I’d read you could transplant them in the fall, after they’ve died back a bit but before the ground freezes. I finally dug a few out of two local groves and it turns out they’re different varieties! My neighbor gave me the okay to plant them (I’ve been helping him replace his lawn with local plants, and we’re emphasizing local food plants in the back). I know they can take over a space a bit, but he seems excited at the idea. He has just about the only bees I’ve seen in our neighborhood, so he’s happy to give them more flowers. And if the sunchokes go too crazy I have a friend who knows how to cook them.
Tucked one in to a sunny spot where someone clearcut along a bike path too. Maybe it’ll take off. I’ve been thinking about trying a little guerilla forest gardening along the path, perhaps starting with edible mushrooms next. I guess they make plugs - you drill holes in dead logs, tuck the mushroom plug in, and you get mushrooms. We’ll see.
Those red ones look similar to the ‘Red Fuseau’ variety of which we have a patch or two. They’re incredibly hardy - I’ve tossed ones that had gone soft in the cellar out into the cold of winter just to find a new patch growing where a small rodent had pulled it into contact with the ground.
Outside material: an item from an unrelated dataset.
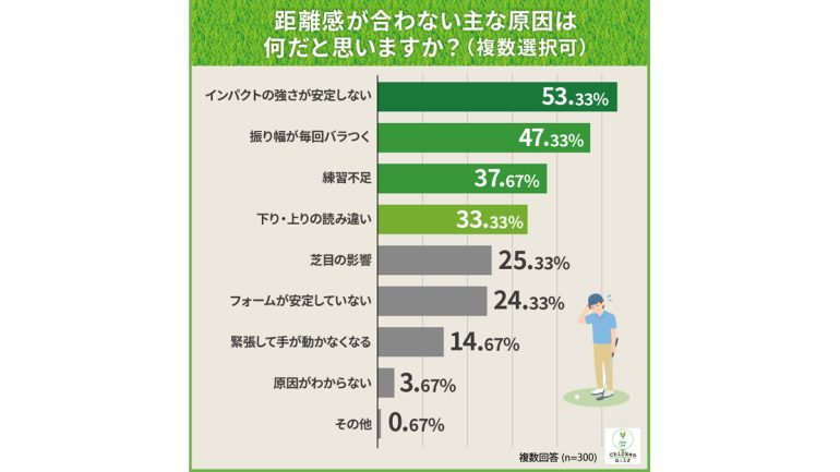 距離感が合わない主な原因について複数回答で調査したところ、「インパクトの強さが安定しない」が53.3%で最多となった。
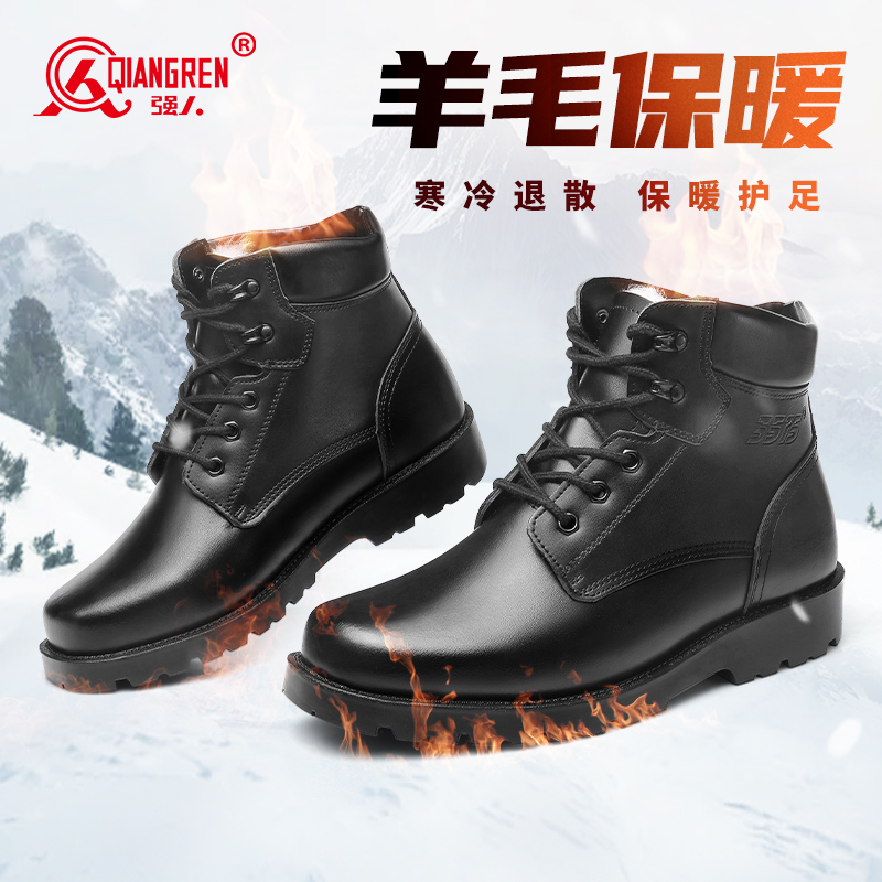 强人3515军迷靴户外工装男靴冬季加绒男棉鞋保暖防寒羊毛棉靴 D15070

They’re upper soil profile tubers, so if there happens to be a boundary that they need to have, you can drive 6" metal edging into the ground around the patch. Voles and mice love them though, so if you’re using stick mulch or wood chips in the planting area be prepared to do some relocating in the spring. Another US native tuber that did pretty well for us as a companion to sunchokes was groundnut (Apios americana), which will climb the sunchokes stalks without inhibiting them. They’ll do better planted on the southern exposure of the sunchoke patch than the middle or northern edge.